Data extract START
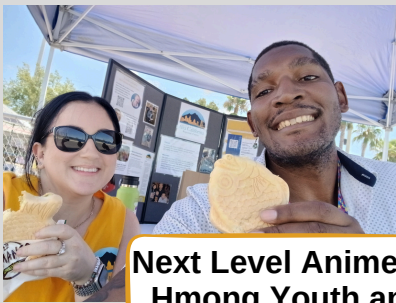
Next Level Anime by Hmong Youth and Parents United
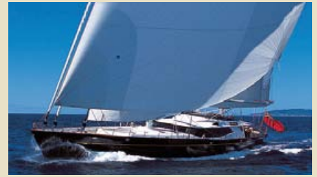
DRUMBEAT 53.00 m 11/10 West Mediterranean 170,000 €/week
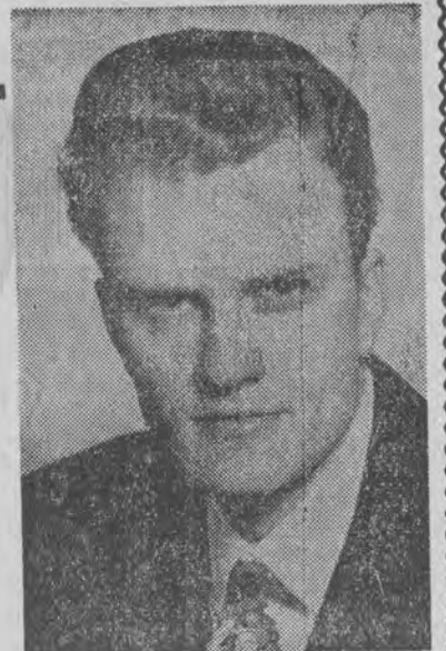
Dr. Billy Graham

In next week's News Review full particulars will be given as to how you may secure a reserved seat and be provided with bus transportation to Griffith Stadium.
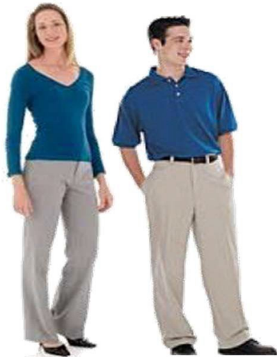
Operational Camouflage Pattern Uniform (OCP)
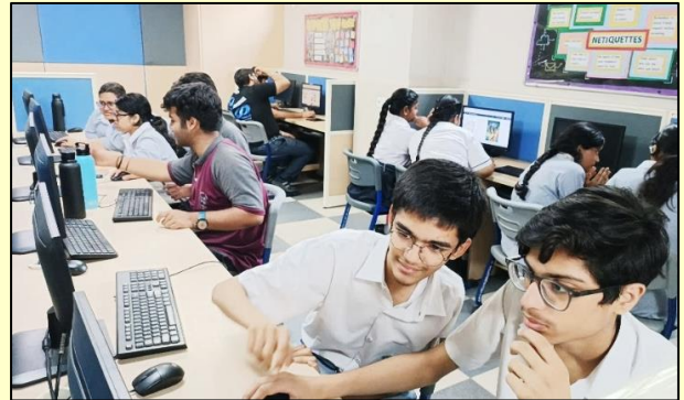
A Dynamic Platform – With Generative AI
Data extract END
What is being asked: Your answer must be the lines from the line containing "In next week's" through the final line of the data, written out exactly, both ends included and pictures left out.

Response to this exercise:
In next week's News Review full particulars will be given as to how you may secure a reserved seat and be provided with bus transportation to Griffith Stadium.
Operational Camouflage Pattern Uniform (OCP)
A Dynamic Platform – With Generative AI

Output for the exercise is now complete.